Just days after his $1 billion-plus oil revenue rollback passed, the Governor, oil companies and their allies began to crank up their PR machine. They’re spinning their bill, SB 21, as the reason for development that, um, started years ago under ACES, the law SB 21 just replaced. Soon they’ll be touting SB 21 as the reason for other “new” things, like radio and space travel.
Here’s some reality about these projects.
But first, let’s not be naïve. Oil companies have a legal duty to maximize profits for shareholders, and as such, they will promote any tax break that lets them keep more money. And the Governor will claim credit for every drop of oil he can.
So, what is SB 21? The big giveaway in that bill was the elimination of Alaska’s windfall profits share. That’s a $1 - $2 billion rollback in Alaska’s oil revenue (assuming $110 - $130/barrel prices), which allowed a modestly increasing tax rate as companies earned windfall profits at very high oil prices. SB 21 lets companies spend that money Outside Alaska, anywhere Exxon, British Petroleum and Conoco want. In testimony they refused to commit to spending it here.
I and others attempted sensible changes to ACES that would have required new Alaska oil development to earn reasonable breaks. But Governor Parnell and all 39 GOP legislators except two (Senators Stevens and Stedman) chose a fiscal cliff-creating state revenue slash that will keep Alaska in deficit spending.
By 2021 it will require more than 100,000 barrels/day in new oil just to break even with ACES. That’s likely a low estimate by PFC Energy, a paid consultant that promoted SB 21 (it’s higher than another consultant pushing SB 21 estimated). We’d be better served by an objective analysis.
Now, what about that sudden new SB 21-related development?
Just nine days after SB 21 passed the Governor touted that “Repsol has found oil in three test wells drilled this winter.” He quoted a Repsol spokesman who expectedly stated SB 21 was a “critical factor in ensuring the development of this project.”
Fact Check: In 2011 under ACES, Repsol announced it would begin major investments in Alaska. Repsol said nothing then about the need for tax breaks beyond the significant investment incentives in ACES. Its March, 2011, press release stated, “The estimated minimum exposure for this investment ... amounts to $768 million. The start of exploratory work is scheduled for next winter.... The North Slope of Alaska is an especially promising area for Repsol as it has already shown to be oil rich and carries low exploratory risk.” The oil found this winter was intended in 2011 to be developed, with recognition that ACES was the law in Alaska.
Three days after SB 21 passed, Conoco claimed SB 21 would lead to development of an area next to its Alpine development, called Mooses Tooth.

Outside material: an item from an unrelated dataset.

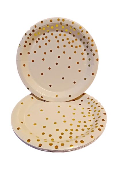 Prato de Papel com bolinha dourada, um charme para a sua festa.
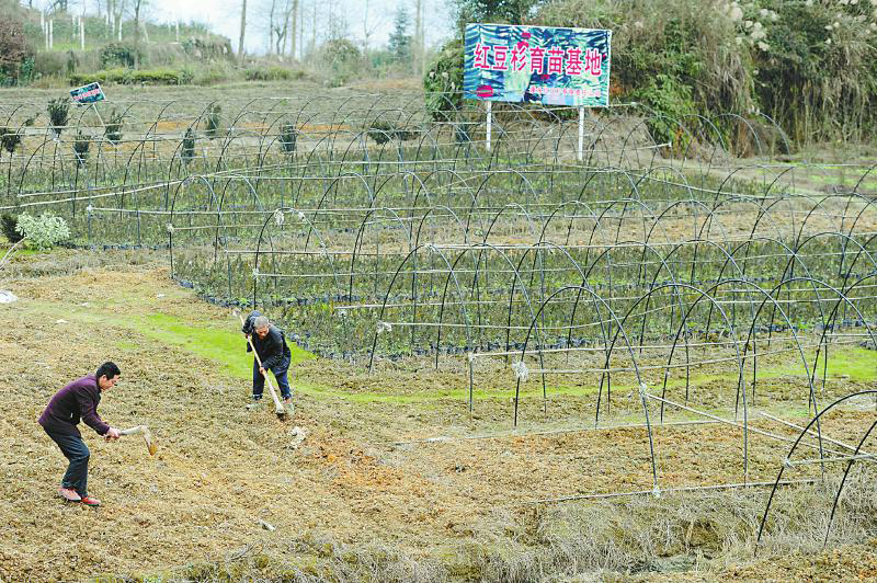 4月初,德应村红豆杉产业园内,村民在红豆杉育苗基地劳作。宜宾市兴文县麒麟苗族乡德应村受地理和交通等因素的制约,发展缓慢。近两年来,随着省市县加大对贫困村的产业扶持,德应村发生了巨大的变化。本报记者 何海洋 摄

Fact Check: In 2009 Conoco announced development at its Mooses and Bear Tooth units in NPR-A, under ACES. They did this in part under the threat that they’d lose these leases for not developing them (companies have a duty to develop leases or lose them). They began work in 2008 and again in 2012. Conoco bought leases to expand the Mooses Tooth Unit in 2008, promised drilling in both areas, and in 2012 “staked nine potential well locations in the Mooses and Bear Tooth units (2012 Anchorage Economic Development Corporation (AEDC) report). Companies move ahead with field development because they’ve calculated the chances of production are worth the risk.
Fact Check: Brooks Range Petroleum has been developing the “Mustang” field under ACES. They discovered oil in 2011, and the 2012 AEDC report noted they planned to “sanction this project” in 2012 with “first oil expected in 2014.” Suggestions that this field was developed because of SB 21 are inaccurate.
Expect more spin from those who want to keep SB 21’s massive tax breaks. And expect less revenue, continued education cuts, construction and other job losses, and big dips into Alaska’s billions in ACES-created savings.
• Les Gara is a Democratic State Representative From Anchorage.